China's Artificial Intelligence Application Scale Rapidly Growing: Daily Token Consumption Has Exceeded 30 Million Billions
China Net Financial News, August 14th. On August 14th, the Office of the State Council held a press conference to introduce the achievements in building a digital China during the "14th Five-Year Plan" period and answer questions from reporters.
The following is a record of the press conference:
Reporter: High-quality, massive data are the core driving forces for deep deployment of "Artificial Intelligence +". Can you tell us what work has been done by the government at the national level to promote high-quality data for artificial intelligence?
Liu Li-hong, member of the party committee and director of the National Data Bureau:
Some experts say that computing power is the skeleton, algorithms are the nerves, and data are the blood. As one of the three core elements of artificial intelligence development, data plays a crucial role in promoting "Artificial Intelligence +". Especially high-quality datasets, such as annotated medical image datasets in the healthcare field, can increase model disease diagnosis accuracy by over 15%. In the era of artificial intelligence, tokens, also known as word units, serve as the smallest data unit for processing text, just like internet traffic. As of early 2024, China's daily token consumption was 1 trillion, and by the end of June this year, it had exceeded 30 trillion. This reflects the rapid growth of China's artificial intelligence application scale.
China's rapid development of artificial intelligence is inseparable from its emphasis on data work. China is the first country to treat data as a production factor, and has taken multiple measures to promote the development and utilization of data resources. We stress that "Artificial Intelligence + action" will not be possible without high-quality datasets. We have vigorously promoted the supply of high-quality datasets, issued relevant files for building such datasets, and jointly promoted related work with multiple departments. We have guided the National Data Standardization Technical Committee to research and formulate relevant standards and technical documents, organized pilot projects and exemplary cases in various fields, and established a number of typical solutions.

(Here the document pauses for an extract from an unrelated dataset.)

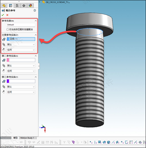 在 SOLIDWORKS 2025 SP 3 版本中增加了对紧固件的 AI 智能识别,对于没有“配合参考”且不是“Toolbox”零件的紧固件可以在拖入的过程中 SOLIDWORKS 能够识别看起来像螺丝、垫圈、螺母的零件,并自动向零部件添加配合。

We will continue to push forward high-quality dataset construction work. By the end of June this year, China had built over 35,000 high-quality datasets, with a total volume exceeding 400 petabytes (1 petabyte can store approximately 5 billion 2MB-sized high-definition photos, and 400 petabytes is equivalent to the digital resources of the National Library of China). The training of artificial intelligence models has also driven up data trading demand. By the end of June this year, the cumulative transaction volume of high-quality datasets had reached nearly 40 billion yuan, with a total scale of 246 petabytes. For example, Beijing Data Exchange has seen its high-quality dataset transactions account for over 80% of the total volume.
Shanghai, Tianjin, and Anhui are currently piloting new models such as "data resource-based stock allocation" to guide enterprises to convert high-quality datasets into equity investments. The development of high-quality datasets requires support from the data annotation industry. We have established 7 data annotation bases in Chengdu, Shenyang, and Hefei to help build high-quality datasets.

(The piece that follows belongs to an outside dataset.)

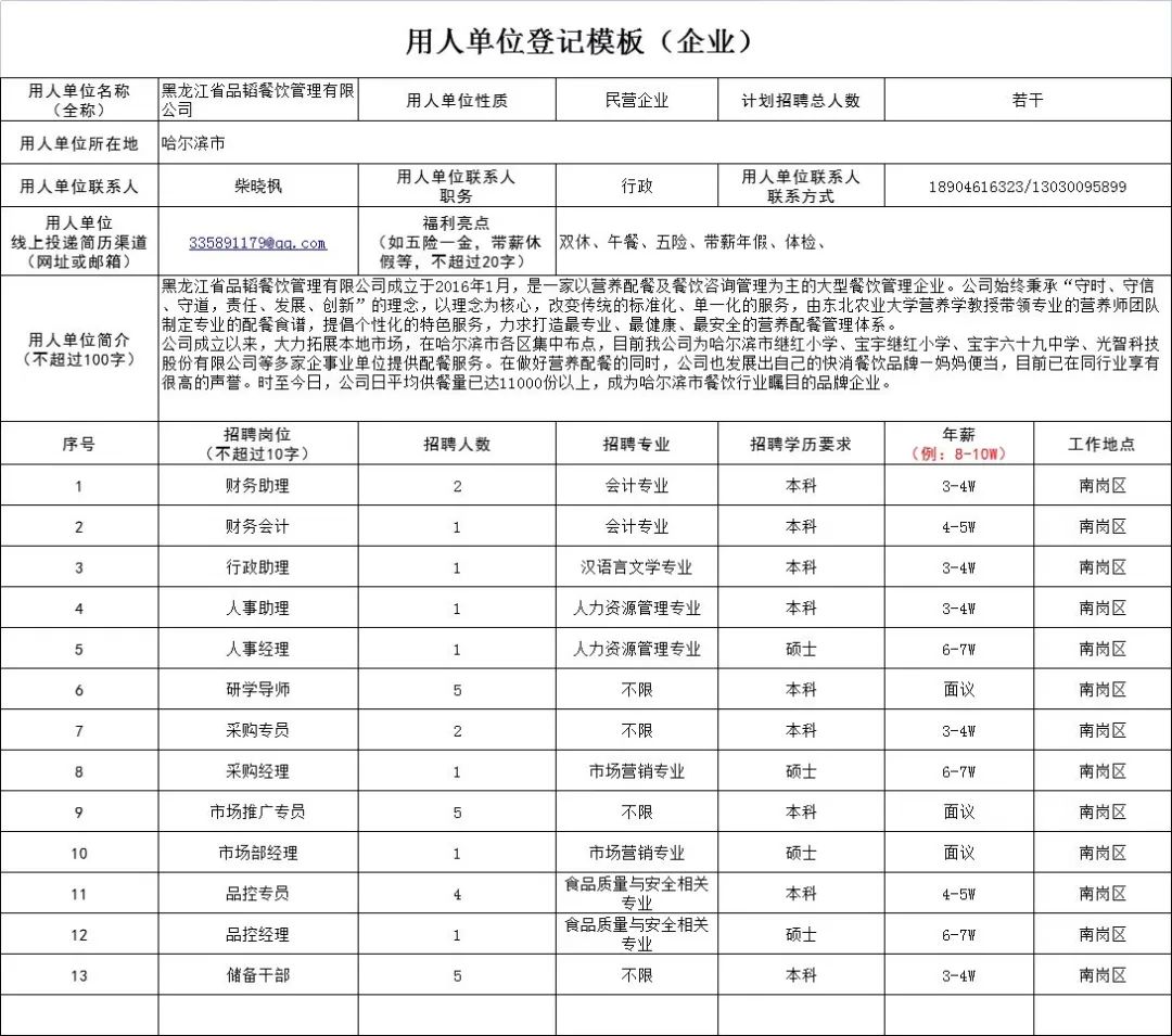 任职要求:1、有管理团队的能力,有培养下属的格局;2、工商管理、企业管理、人力资源管理等专业大专及以上学历;3、有5年及以上人力资源的工作经验,3年及以上人力资源全盘管理经验,具有餐饮企业工作经验优先;4、具备现代人力资源管理理念和丰富的理论知识;对现代企业人力资源管理模式有系统的了解和实践经验,具有解决复杂问题的能力;具备较强的逻辑思维能力、观察能力和应变能力;擅长与人沟通和交往,富有亲和力和较强的说服力。

Domestic data plays a crucial role in improving the training performance of large models. Everyone is concerned about the proportion of domestic data in training data. After some effort, most models have used domestic data with an occupancy rate exceeding 60%, and some models have reached as high as 80%. The development and supply capacity of high-quality domestic datasets continue to improve, driving the rapid growth of China's artificial intelligence model performance.
In the next step, we will continue to push forward high-quality dataset construction through systematic planning, accelerate the construction of intelligent bodies, low-carbon economies, and biomanufacturing key fields, and promote the recognition of data factors' value by all society, accelerating the development of data factor value creation. We will also cultivate a market consensus around "buying high-quality data".